I have a function that downloads and stores a bunch of tweets in the database:
pub async fn process_user_timeline(config: &Settings, pool: &PgPool, user_object: &Value) {
// get timeline
if let Ok((user_timeline, _)) =
get_user_timeline(config, user_object["id"].as_str().unwrap()).await
{
// store tweets
if let Some(tweets) = user_timeline["data"].as_array() {
for tweet in tweets.iter() {
store_tweet(pool, &tweet, &user_timeline, "normal")
.await
.unwrap_or_else(|e| {
println!(
">>>X>>> failed to store tweet {}: {:?}",
tweet["id"].as_str().unwrap(),
e
)
});
}
}
}
}
It's being called in an asynchronous loop by another function:
pub async fn loop_until_hit_rate_limit<'a, T, Fut>(
object_arr: &'a [T],
settings: &'a Settings,
pool: &'a PgPool,
f: impl Fn(&'a Settings, &'a PgPool, &'a T) -> Fut + Copy,
rate_limit: usize,
) where
Fut: Future,
{
let total = object_arr.len();
let capped_total = min(total, rate_limit);
let mut futs = vec![];
for (i, object) in object_arr[..capped_total].iter().enumerate() {
futs.push(async move {
println!(">>> PROCESSING {}/{}", i + 1, total);
f(settings, pool, object).await;
});
}
futures::future::join_all(futs).await;
}
Sometimes two async tasks will try to insert the same tweet at the same time, producing this error:
failed to store tweet 1398307091442409475: Database(PgDatabaseError { severity: Error, code: "23505", message: "duplicate key value violates unique constraint \"tweets_tweet_id_key\"", detail: Some("Key (tweet_id)=(1398307091442409475) already exists."), hint: None, position: None, where: None, schema: Some("public"), table: Some("tweets"), column: None, data_type: None, constraint: Some("tweets_tweet_id_key"), file: Some("nbtinsert.c"), line: Some(656), routine: Some("_bt_check_unique") })

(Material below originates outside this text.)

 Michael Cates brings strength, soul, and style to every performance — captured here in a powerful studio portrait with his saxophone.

Mind the code already checks for whether a tweet is present before inserting it, so this only happens in the following scenario: READ from task 1 > READ from task 2 > WRITE from task 1 (success) > WRITE from task 2 (error).

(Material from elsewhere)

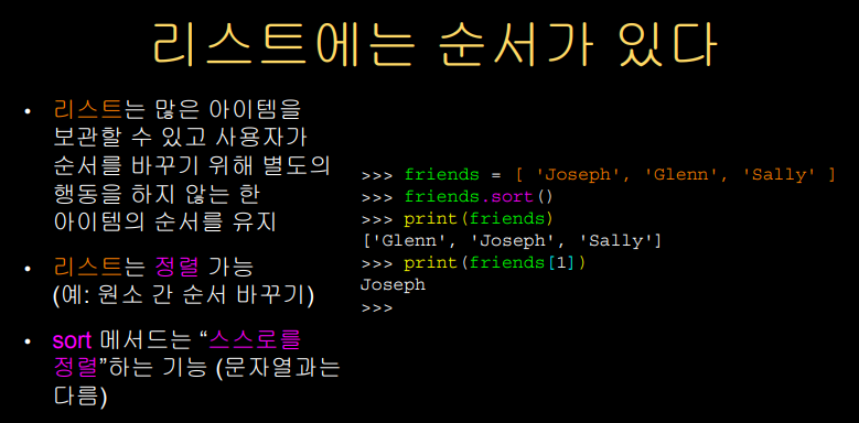 리스트 내 순서는 0, 1, 2 ... 순으로 간다.

To solve this, my best attempt so far has been to place an unwrap_or_else()
clause which lets one of the tasks fail without panicking out of the entire execution. I am aware of at least one drawback - sometimes both tasks will bail out and the tweet never gets written. It happens in <1% of cases, but it happens.
Are there other drawbacks to my approach I'm not aware of?
What's the right way to handle this? I hate losing data, and even worse doing so non-deterministically.
PS I'm using actix web
and sqlx
as my webserver / db libraries.
Generally for anything that may be written by multiple threads/processes, any logic like
if (!exists) {
writeValue()
}
needs to either be protected by some kind of lock, or the code needs to be changed to write atomically with the possibility the write will fail because something else already wrote to it.
For in-memory data in Rust you'd use Mutex
to ensure that you can read and then write the data back before anything else reads it, or Atomic
to modify the data in such a way that if something already wrote it, you can detect that.
In databases, for any query that might conflict with some other query happening around the same time, you'd want to use an ON CONFLICT
clause in your query so that the database itself knows what to do when it tries to write data and it already exists.
For your case since I'm guessing the tweets are immutable, you'd likely want to do ON CONFLICT tweet_id DO NOTHING
(or whatever your ID column is), in which case the INSERT
will skip inserting if there is already a tweet with the ID you are inserting, and it won't throw an error.